Parce que avant c’était surtout des organisateurs externes qui organisaient les soirées…
Pierrot : Oui, on faisait surtout du lien, de la gestion de salle, avec ce lien vers les associations, les particuliers, les collectifs. Là, on a cette volonté de produire plus de choses nous-mêmes.
On verra donc toujours des soirées estampillées house ou techno ?
Boubi : On fait un peu le tri avec les gens avec qui on bosse dans ce milieu-là, parce qu’on se retrouve souvent juste à drainer les jeunes qui veulent se mettre la race, ce qui est assez chiant. On préfère bosser avec des gens qui font ça bien.
Pierrot : Peut-être viser un public plus âgé avec des trucs plus pointus. Il faut effectivement préciser qu’avant le VOID et l’Heretic, il y a eu le Plug et le Zoo Bizarre, qui étaient vraiment deux références dans le milieu électronique. Il y a encore des gens qui viennent nous voir pour nous parler du Zoo Bizarre, avec de très bons souvenirs. Ça montre que ça a vraiment marqué la mémoire collective des gens.

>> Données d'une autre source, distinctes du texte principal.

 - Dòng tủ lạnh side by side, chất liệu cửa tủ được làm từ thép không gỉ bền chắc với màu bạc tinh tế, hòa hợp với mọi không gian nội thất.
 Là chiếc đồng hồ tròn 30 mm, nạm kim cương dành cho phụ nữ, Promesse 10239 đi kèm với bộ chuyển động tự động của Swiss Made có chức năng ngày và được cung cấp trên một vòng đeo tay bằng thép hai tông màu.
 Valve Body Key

Boubi : De toute façon, on considère notre public dans sa globalité, il n’y a pas que des punks qui viennent ici. Ça se reflète au sein de notre équipe ; on est plein à écouter des choses différentes. En espérant que ça se ressente sur la programmation.

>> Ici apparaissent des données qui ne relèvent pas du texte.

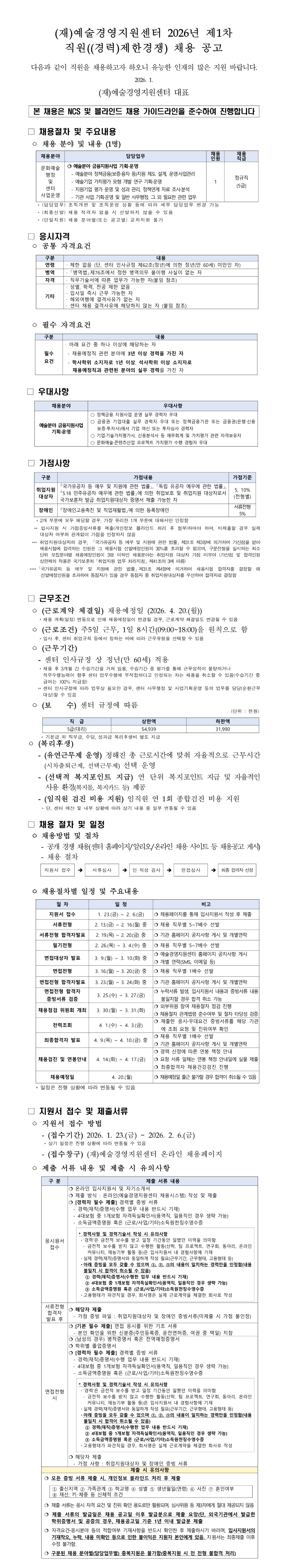 [(재)예술경영지원센터 ] (재)예술경영지원센터 2026년 제1차 직원 ((경력)제한경쟁) 채용 공고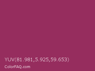 YUV 81.981,5.925,59.653 Color is a normal rose color and the nearest color is Amaranth Deep Purple #9f2b68. Hex code #962d5e and RGB value is rgb(150,45,94). In RGB color space, this color is composed of 59% red, 18% green, 37% blue, In CMYK color space, this color is composed of 0% cyan, 70% magenta, 37% yellow , 41% black , In HSL color space, this color has a hue angle of 332° , 54% saturation and 38% lightness.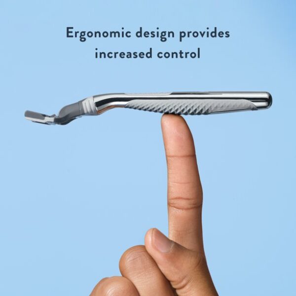 The Harry’s men’s razor handle has an ergonomic shape, a textured grip and weighted core for optimal control

Il y a des lieux qui vous inspirent, en France ou à l‘étranger ?
Boubi : En ce qui me concerne, c’est plutôt des lieux que j’ai vu ailleurs qu’en France. Après, le truc c’est que nous avons format un peu bâtard. On n’est pas une boîte, pas un squat, on n’est pas un café-concert ; on est un club. C’est plus un format qu’il y a aux Etats-Unis, avec des plus petits clubs.
Pierrot : C’est le genre de lieux que tu retrouves beaucoup en Allemagne, ou en Angleterre. Le format intermédiaire qui n’existe pas vraiment en France. Et c’est ce qui est chiant dans le réseau de salles : t’as soit le café-concert, ou la SMAC, et entre les deux, pas grand-chose… Sans doute parce que c’est un modèle assez difficile à tenir économiquement ; tu peux pas faire plus en termes d’activités, mis à part ouvrir tous les soirs.

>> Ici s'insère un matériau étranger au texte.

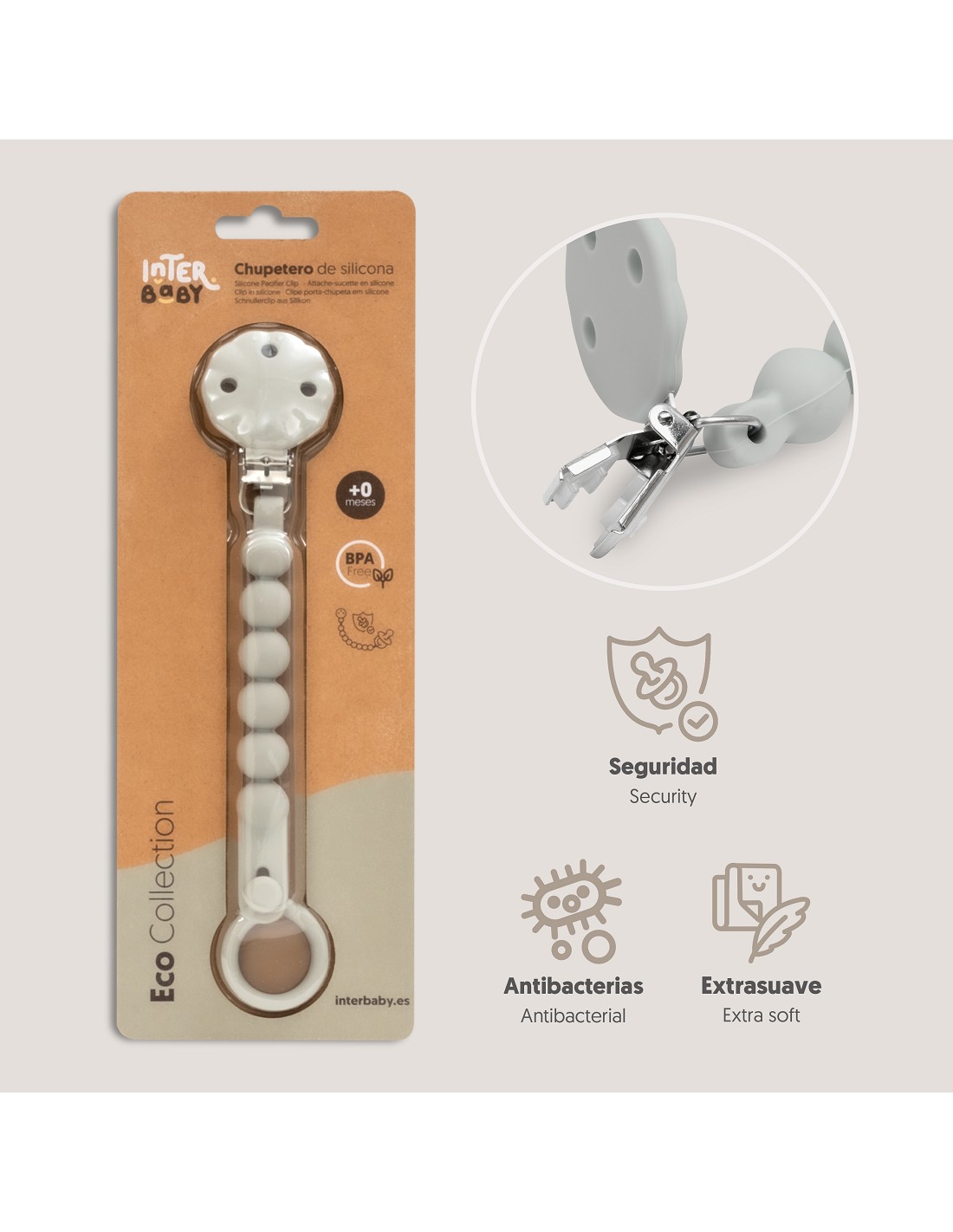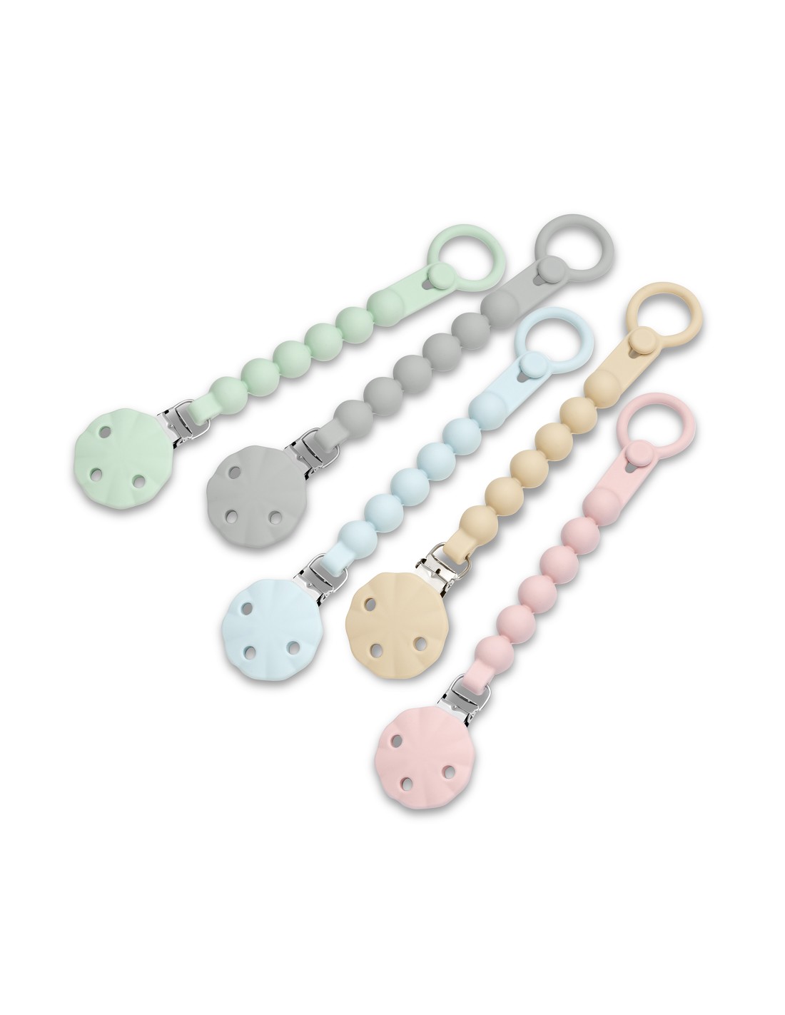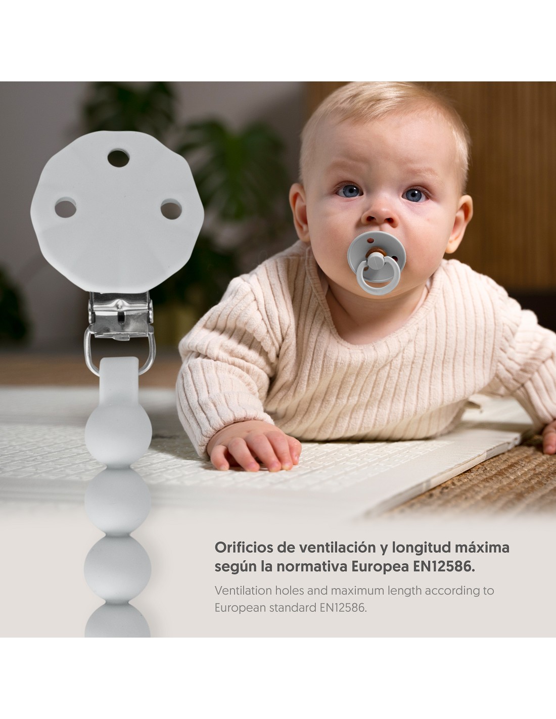 Chupetero tipo cadena fabricado en silicona alimentaria 100 % segura, ideal para el cuidado de tu bebe. No incluye el chupete. Apto para lavavajillas. Libre de BPA, PVC y ftalatos.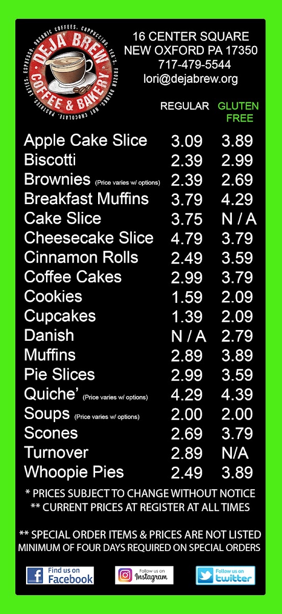 Welcome to Deja Brew Coffee & Bakery, your cozy retreat in New Oxford, PA. Here, the aroma of rich espresso mingles with the sweetness of fresh pastries, creating a delightful atmosphere for coffee lovers and food enthusiasts alike. Whether you’re indulging in a creamy Cappuccino topped with steamed milk foam or savoring the layered flavors of a Caramel Macchiato, each sip is a celebration of quality and taste.

Boubi : On a aussi une éthique qui fait qu’on refuse de faire des places ou des consos trop chères.
Pierrot : C’est vrai qu’on pourrait faire comme l’Iboat, changer les prix après minuit (depuis peu, les prix changent à 1h00, ndlr) ou ce genre de truc, mais on se targue d’avoir la carte la moins chère de la ville. Même à Saint-Michel, tu peux difficilement trouver moins cher. On continue à suivre cette ligne, pour avoir une politique d’accès large pour le plus grand nombre.
Pour les lieux inspirants, t’en vois plein quand t’es en tournée, des squats autogérés notamment. Pour le mythe, s’il fallait en choisir un, ce serait le CBGB à New York, qui était un club punk rock de la fin des années 70 et des années 80. J’ai vu plein de bouquins de photos où tous les groupes qu’on aime ont joué plusieurs fois. C’est en mode tout en bois, taggué partout, des affiches partout, hyper crado, c’est cet esprit de salle qu’on aime, celles qui ont véritablement une âme.
Justement, vous allez repenser le lieu ?
Pierrot : Il va y avoir un coup de neuf, deux-trois aménagements, on va rajouter une boule à facette. (rires)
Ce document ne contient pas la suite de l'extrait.